Records to process:

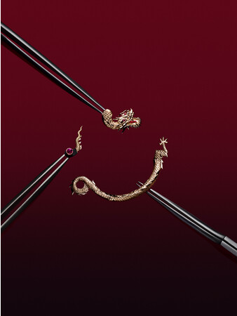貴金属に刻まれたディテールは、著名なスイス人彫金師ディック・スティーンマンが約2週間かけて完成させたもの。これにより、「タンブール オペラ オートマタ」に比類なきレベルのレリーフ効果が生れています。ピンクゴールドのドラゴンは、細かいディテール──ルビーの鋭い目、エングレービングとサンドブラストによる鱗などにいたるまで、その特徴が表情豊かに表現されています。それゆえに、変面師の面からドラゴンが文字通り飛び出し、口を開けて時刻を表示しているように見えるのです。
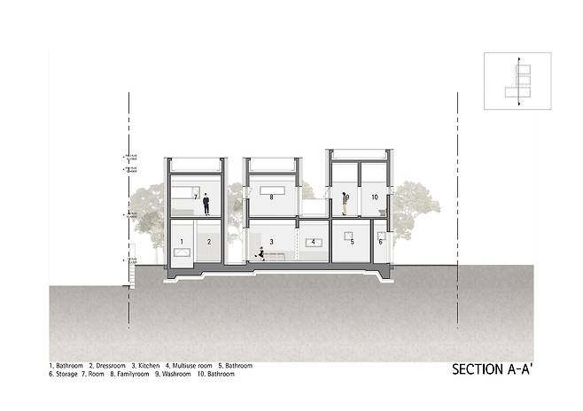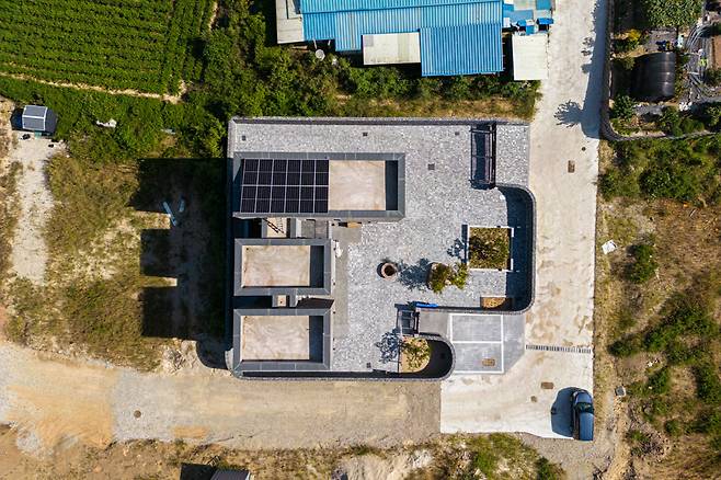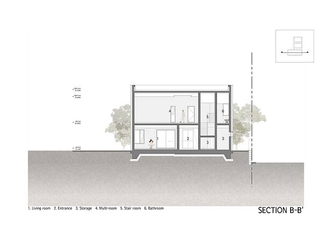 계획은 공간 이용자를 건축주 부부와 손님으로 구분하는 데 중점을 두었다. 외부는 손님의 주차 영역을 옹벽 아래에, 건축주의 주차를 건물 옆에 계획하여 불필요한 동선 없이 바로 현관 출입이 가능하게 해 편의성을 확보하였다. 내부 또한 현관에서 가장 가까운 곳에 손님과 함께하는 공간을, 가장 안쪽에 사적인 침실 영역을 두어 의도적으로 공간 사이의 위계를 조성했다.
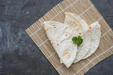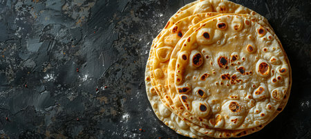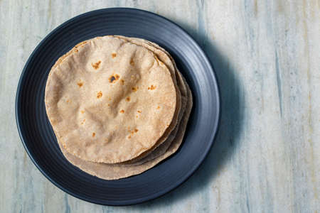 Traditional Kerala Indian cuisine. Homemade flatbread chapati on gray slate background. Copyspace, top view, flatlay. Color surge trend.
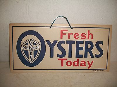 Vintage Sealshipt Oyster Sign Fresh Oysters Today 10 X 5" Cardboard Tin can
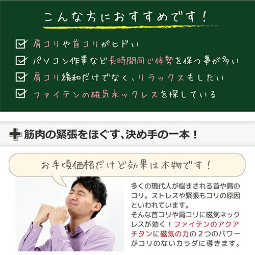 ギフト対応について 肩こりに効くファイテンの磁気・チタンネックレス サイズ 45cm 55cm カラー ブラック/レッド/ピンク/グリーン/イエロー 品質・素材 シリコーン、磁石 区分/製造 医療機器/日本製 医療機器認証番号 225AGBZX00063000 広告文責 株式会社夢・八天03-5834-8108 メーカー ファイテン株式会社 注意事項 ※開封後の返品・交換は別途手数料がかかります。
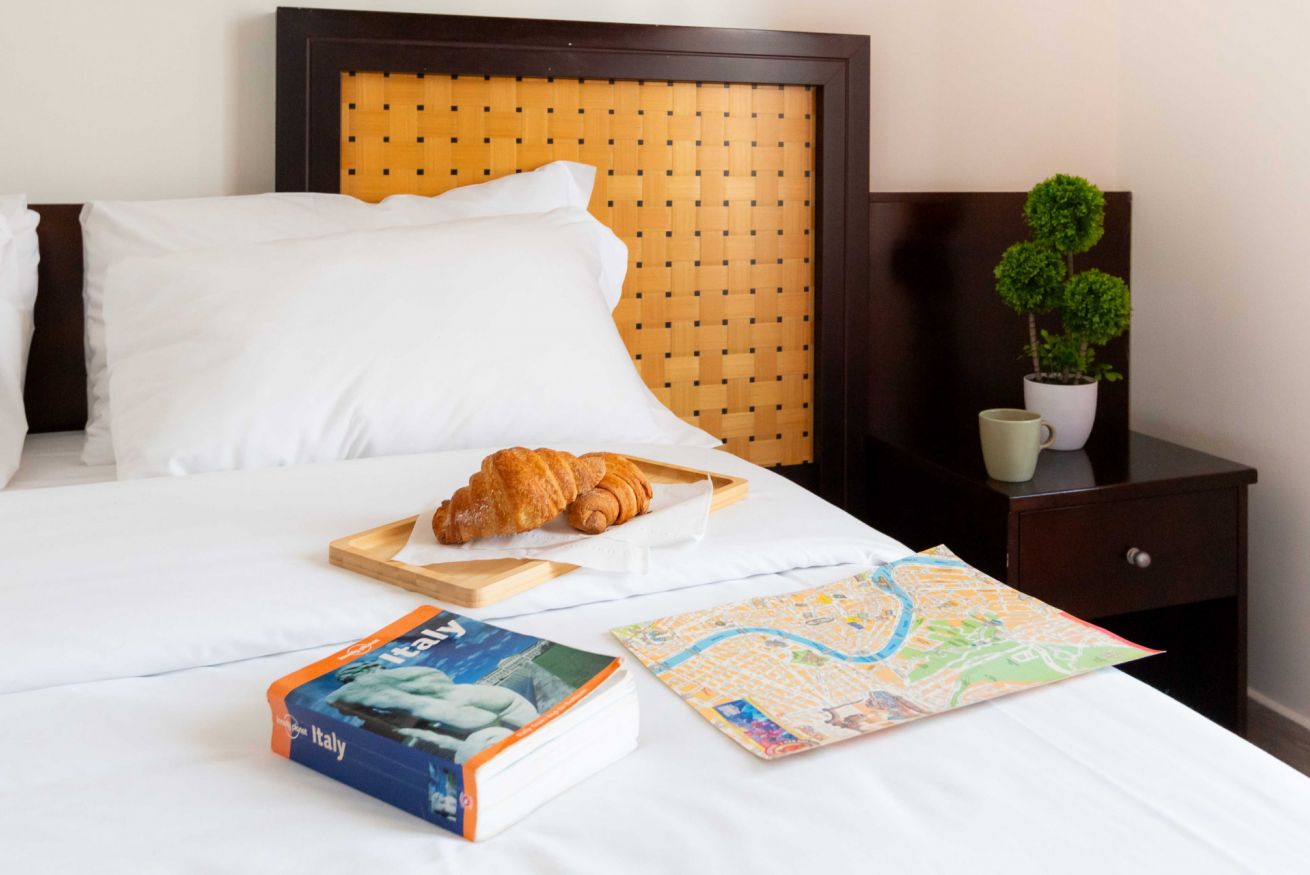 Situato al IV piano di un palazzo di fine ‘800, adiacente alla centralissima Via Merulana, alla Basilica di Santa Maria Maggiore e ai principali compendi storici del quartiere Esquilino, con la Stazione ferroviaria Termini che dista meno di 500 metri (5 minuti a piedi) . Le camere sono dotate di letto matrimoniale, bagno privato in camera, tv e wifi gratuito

Task details: Excerpt from the records above: set down only the lines from the one that contains "계획은 공간 이용자를" through the one that contains "Vintage Sealshipt Oyster", inclusive, word for word. Pictures stay out.

Output for this exercise:
 계획은 공간 이용자를 건축주 부부와 손님으로 구분하는 데 중점을 두었다. 외부는 손님의 주차 영역을 옹벽 아래에, 건축주의 주차를 건물 옆에 계획하여 불필요한 동선 없이 바로 현관 출입이 가능하게 해 편의성을 확보하였다. 내부 또한 현관에서 가장 가까운 곳에 손님과 함께하는 공간을, 가장 안쪽에 사적인 침실 영역을 두어 의도적으로 공간 사이의 위계를 조성했다.
 Traditional Kerala Indian cuisine. Homemade flatbread chapati on gray slate background. Copyspace, top view, flatlay. Color surge trend.
 Vintage Sealshipt Oyster Sign Fresh Oysters Today 10 X 5" Cardboard Tin can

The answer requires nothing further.